The 65 pages limit is allowable as stated on page 58, “Within the 65-page limit of the APR, recipients should use a maximum of:
- 40 pages for P&C,
- 10 pages for HRD, and
- 15 pages for Laboratory Strengthening
to cover performance reporting and the funding application. Applicants are allowed more than the 45 pages outlined in the instructions.”
APRs are due 120 days prior to the end of the first budget period for funded period.
26. If awarded these cooperative agreement funds, can they be used to buy medications?
No. Page 47 of the NOFO under Other restrictions states:“The use of Cooperative Agreement funds for hospitalization, construction, and the purchase of medications is prohibited.”
1. Can a jurisdiction apply for laboratory funding if specimens are referred for testing?
Yes, if specimens are referred to another laboratory through a contract, Memorandum of Agreement (MOA)/Memorandum of Understanding (MOU), etc., laboratory funding may be applied for.
2. If Xpert® is performed as molecular sequencing DST, should this data be reported for workload volume?
No, probe-based methods such as Xpert® MTF/RIF and line probe assays should not be included for molecular sequencing DST data. This information can be found on page 62 and 63 and within the Workload Volume (number 6) and Performance TAT PDF data (number 6) forms.
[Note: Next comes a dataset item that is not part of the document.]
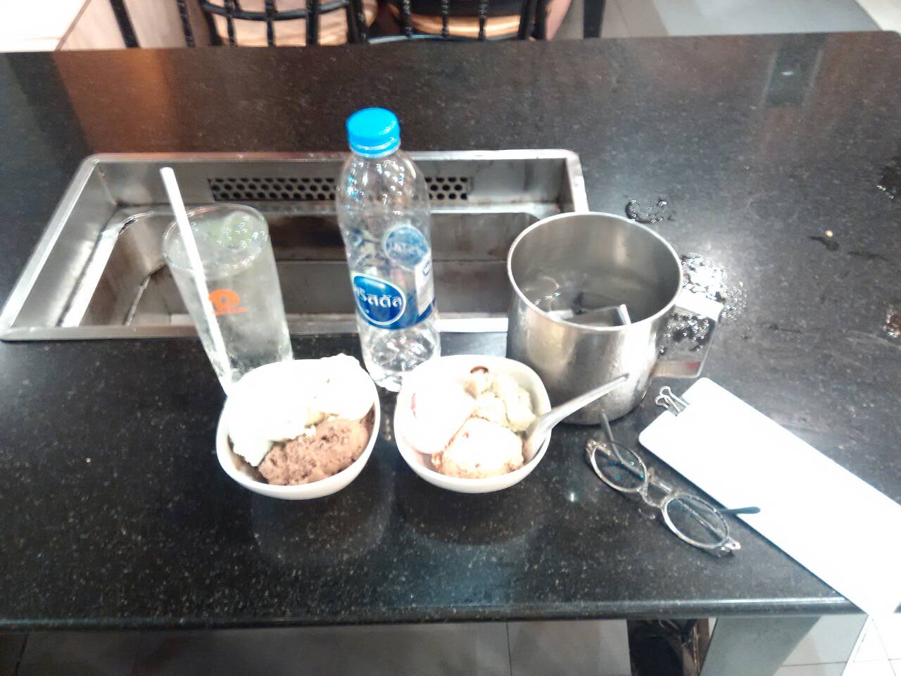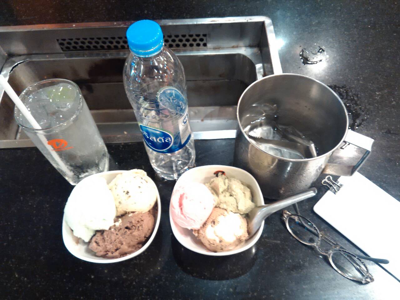 แต่เรื่องความสะอาดนี่อาจจะต้องเอาใจใส่มากซักหน่อย อย่างวันนี้ก็เจอแผ่นพลาสติดเล็กๆในถังน้ำแข็ง เผอิญเห็นตอนจบแล้ว ก็ช่างหัวมัน อาจเป็นพวกถุงใส่น้ำแข็งที่มันขาดตอนลงน้ำแข็ง(คิดในแง่ดี) แต่มันก็มีรอยเปื้อนๆให้คิดมากเหมือนกัน ก็รีบออกให้จบๆกันไป แต่พนักงานก็อัธยาศัยดีนะ
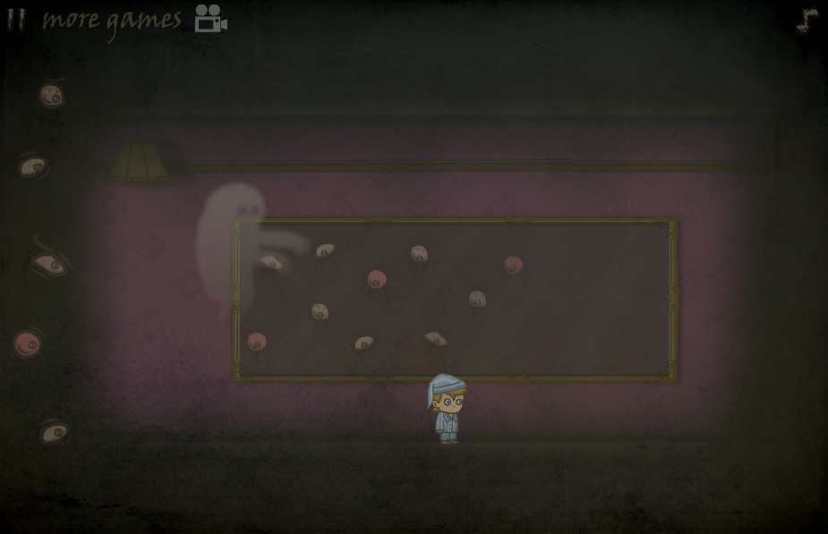 Passend zur Thematik ist auch die Grafik absichtlich schön schaurig gehalten. Rund um den Bildschirm herum tauchen Augen auf, die Gegner sind Furcht einflößend und vor allem das Schließen der Augen wurde gut umgesetzt. Natürlich gehört zu jedem guten Horrorspiel auch eine entsprechende Musik- und Sound-Kulisse, die hier treffend ausgewählt wurde.

3. For Element 1 strategies, do I need to address all targets even if meeting the national TAT benchmarks?
Yes, if the laboratory is currently meeting the national target for an indicator, “maintaining the current TAT” or a new measurable goal should be listed (see page 28 of the NOFO).
4. When determining laboratory TAT percentages, should indicators be measured in a calendar or business days?
Yes, all indicators should be measured in calendar days, not working days, and should include weekends and holidays (e.g., a specimen that arrives at the laboratory on a Friday afternoon and is processed with the acid-fast bacilli (AFB) smear read and the result reported on the following Monday would have a TAT of three days). See page 62 of the NOFO.
5. Should full year 2023 data be used to calculate the estimated laboratory funding budget?
Yes, full year 2023 data should be used to calculate the estimated laboratory funding budget. See Funding by Category for more information.
6. The QR code was not working in the PowerPoint, could this webpage link be shared?
- APHL TB CoAg Toolkit
- The QR code has also been updated on the webinar presentation slides.
7. Are we required to submit laboratory workload and turnaround time (TAT) for CY21, CY22, and CY23 (the updated template) with the grant renewal submission this summer?
Yes, for the application due September 9, 2024, workload volume data is required for 2021, 2022, and 2023. TAT performance data is also required for the application, however, only 2023 data is required. See the workload volume and TAT performance PDF data forms.